Relire L’Empreinte de Michel Valensi: Éloge du bris de mosaïque
Par Meriem Ben Mansour et Samia Kassab-Charfi - De quoi L’Empreinte de Michel Valensi est-il le nom ? Assurément, de tous nos oublis, de nos manques, de nos abandons. Ce petit roman magistral – l’unique de son auteur – qui raconte l’errance d’une jeune femme, Alma Alba, à travers les ruelles et les quartiers de Tunis, de la Hafsia aux rivages de Carthage, ne réécrit pas seulement une Odyssée douloureuse, effectuée en pleine conscience, celle du devoir collectif porté par une femme obstinée et patiente.
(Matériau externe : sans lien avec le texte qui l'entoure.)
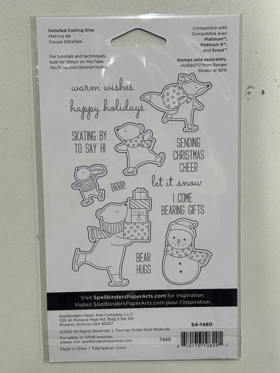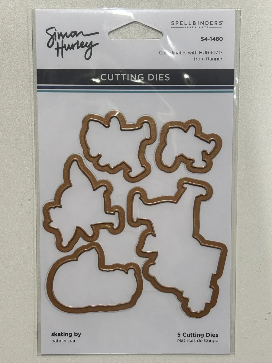 Skating By Etched Dies zur Verwendung mit dem passenden Stempelset wurden von Simon Hurley entworfen und bestehen aus fünf dünnen Metallschneidestanzen. Diese Stanzen sind speziell auf das HUR90717 Skating By Clear Stamp Set abgestimmt, das bezaubernde schlittschuhlaufende Freunde (Fuchs, Hase, Schneemann und zwei Eisbären) sowie acht Sprüche enthält. Stemple die Motive mit all ihren Details, dann stanze sie aus und hebe sie hervor, um zusätzliche Struktur und Dimension zu erzeugen. Ein superniedliches Set!

Cette Antigone du souvenir qui sillonne la terre sainte du pays natal tunisien en égrenant les traces des passages – témoignages, réminiscences – fait acte de réparation : elle soigne, prend soin des vestiges, recueille la moindre parole des pierres, délimite les contours du moule mémoriel, en somme redessine les traits d’un visage : le sien même, qu’elle ne peut appréhender sans nommer chaque part de la communauté entière.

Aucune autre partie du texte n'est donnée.